映画『ディア・エヴァン・ハンセン』観賞

ミュージカル映画『ディア・エヴァン・ハンセン』を観てきました。

とっても良かった。
要所要所で泣いてしまいました。

まず楽曲がいい!
冒頭のエヴァンの歌から魅了されます。

そしてストーリーも秀逸です。

いつも孤独を感じていたエヴァン。
学校にも居場所がない。
群集の中にいても、誰も自分の事なんか見ていない。いないのと同じ。だから、明日自分が消えてしまっても誰も気づかないだろう…

そんな心の声を自分宛の手紙に綴る。
「親愛なるエヴァン・ハンセンへ」
そんな手紙を「ヤバイ奴」のコナーに奪われてしまう。

ネットにアップされたりして馬鹿にされないだろうかと、必死にネット上を探し回るエヴァン。

そんなエヴァンの元に、手紙が戻ってきた。
届けてくれたのはコナーの両親。

コナーが自死したという。
その時、持っていたのはポケットに入ったその手紙だけだった。

息子の突然の死にうちひしがれる母親は、その手紙はコナーからエヴァンへの手紙だと勘違いをし、二人は親友だったのだと思い込む。

何度もそれは勘違いだと説明しようとするエヴァン。

しかしコナーの母親の、「何も話してくれなかった息子が唯一残した物がその『遺書』なのだ」「息子との事を何でもいいから聞かせて欲しい」という悲痛な思いを聞き、エヴァンは思いやりから嘘をついてしまう。

エヴァンは夏に森で木から落ちて怪我をした。その時、ずっと待っていても誰も助けには来てくれなかった。

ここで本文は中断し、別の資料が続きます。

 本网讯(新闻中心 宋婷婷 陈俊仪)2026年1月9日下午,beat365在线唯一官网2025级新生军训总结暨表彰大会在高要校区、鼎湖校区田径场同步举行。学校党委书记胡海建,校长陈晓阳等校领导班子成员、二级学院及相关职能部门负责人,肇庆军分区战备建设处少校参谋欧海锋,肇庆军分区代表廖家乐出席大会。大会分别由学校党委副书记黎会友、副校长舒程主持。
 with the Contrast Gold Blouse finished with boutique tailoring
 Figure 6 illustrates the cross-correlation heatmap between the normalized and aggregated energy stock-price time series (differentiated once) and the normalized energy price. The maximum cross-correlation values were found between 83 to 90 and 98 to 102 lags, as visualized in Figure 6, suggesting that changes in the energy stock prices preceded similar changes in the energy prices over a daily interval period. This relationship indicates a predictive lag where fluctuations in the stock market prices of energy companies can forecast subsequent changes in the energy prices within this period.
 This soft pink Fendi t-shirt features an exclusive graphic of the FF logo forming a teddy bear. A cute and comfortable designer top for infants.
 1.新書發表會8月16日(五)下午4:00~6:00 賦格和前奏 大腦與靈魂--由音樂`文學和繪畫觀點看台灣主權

誰も自分を見つけてくれなかった。

けれど、コナーの家族にコナーとの思い出話をせがまれた時、とっさにその夏の出来事を二人の思い出にすり替えて話した。

森はコナーが子供の頃によく行った果樹園に置き換わり、二人で木に登ったのだと。
そして、自分が木から落ちた時、コナーがいてくれたと。

ドラッグの更正施設にも行っていたような息子コナーが、思い出の場所に親友と出掛けていた。そんな楽しい思い出があったなんてと、両親はたいそう喜び、そして救われた。

そしてエヴァン自身も救われた。
独りぼっちの悲しくつらい記憶が、自分には大切な友人がいたという記憶に置き換わっていく…

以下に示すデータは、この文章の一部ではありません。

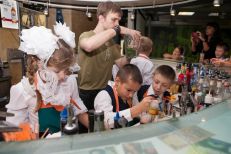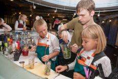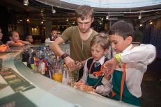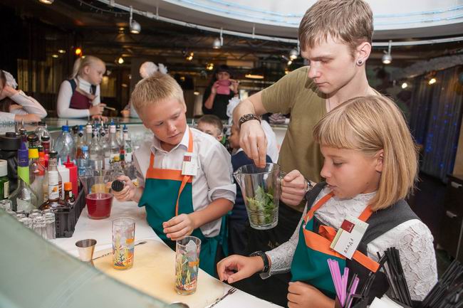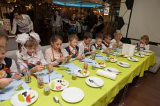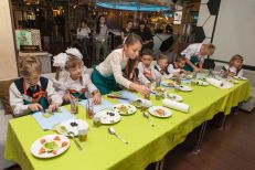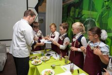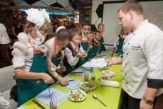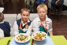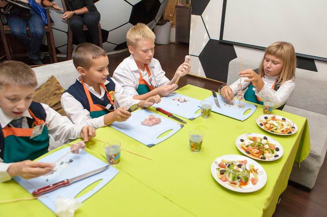 После танцевальной разминки дети вместе с барменом Вадимом Михеевым приготовилиосвежающий греческий фруктовый коктейль под названием «Афродита». А после этого все участники приступили к приготовлению традиционного греческого салата и шашлычков под названием Сувлаки (греческий колорит шашлычкам придавал специальный маринад из йогурта, маслин и ароматных трав). Премудростям национальной кухни юных кулинаров обучал шеф-повар кафе «Маракана» Сергей Снежков.
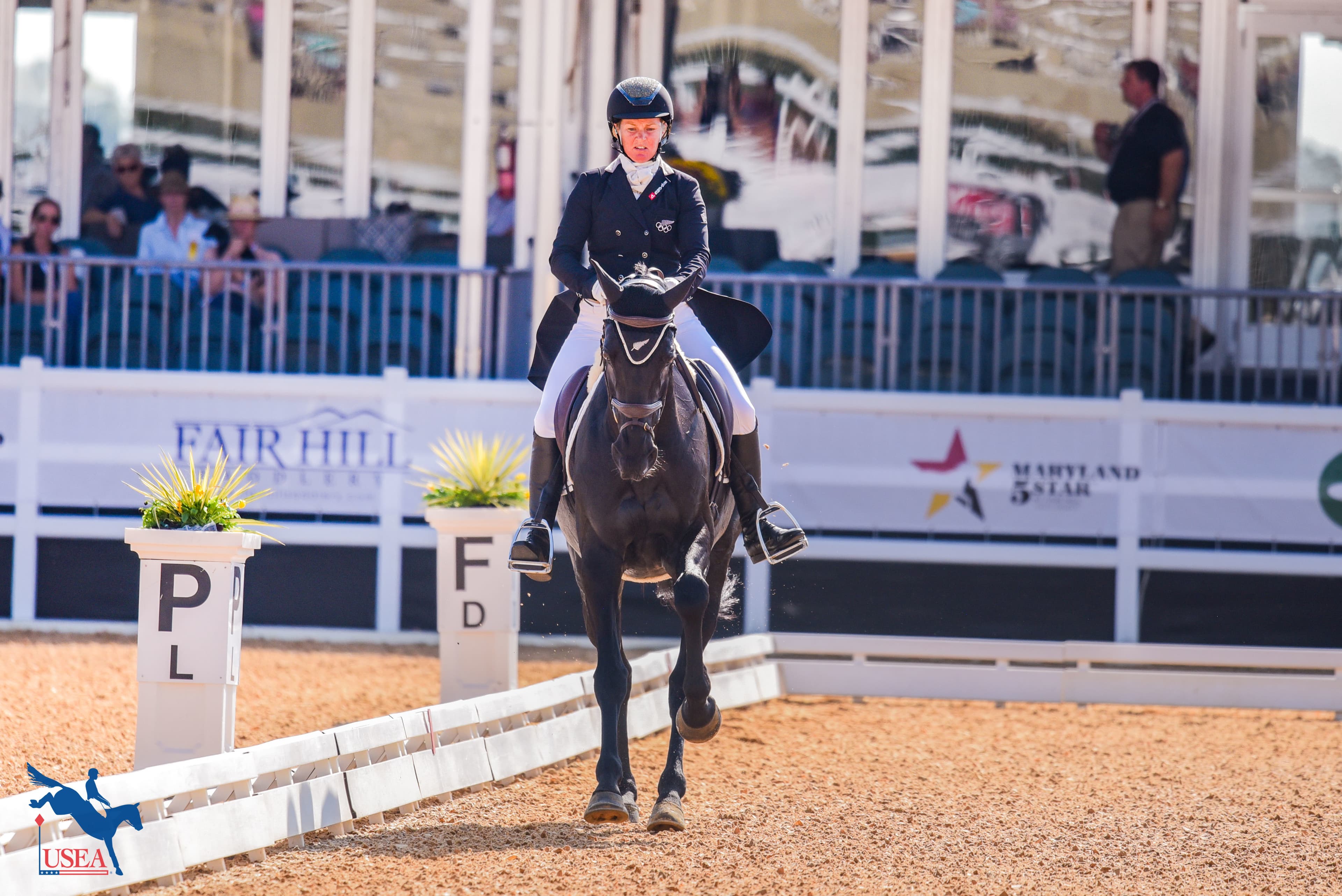 No one could catch Oliver Townend and Cooley Master Class in the dressage arena today despite the remaining 23 pairs' best effort. Angela Hislop’s 16-year-old Irish Sport Horse gelding (Ramiro B x The Swallow) will stand at the top of the leaderboard on a 21.1 heading into the Maryland 5 Star cross-country – the day which is on everyone’s mind.

エヴァンがひそかに思いを寄せていたゾーイはコナーの妹だった。

ゾーイもまた苦しんでいた。
兄には色々と迷惑を掛けられた。
嫌な思い出ばかり。
兄が死んでも悲しくもない。
だけど周りは哀れみの目でみてくる。

あんなに苦しめられたのに、私は兄の死を悲しむ妹の演技をしないといけないの?

そんなゾーイを元気づける為に、エヴァンは「コナーはゾーイの事を良く見ていた。愛していた。」という事を伝えます。

ただ、それももちろん嘘。
でもゾーイへの思いはそのまま丸々エヴァンからゾーイへ伝えたい事だった。

コナーの存在を間に置くことで、エヴァンはずっと伝えられなかった事を言えた。
そしてゾーイとの距離も近付いていく。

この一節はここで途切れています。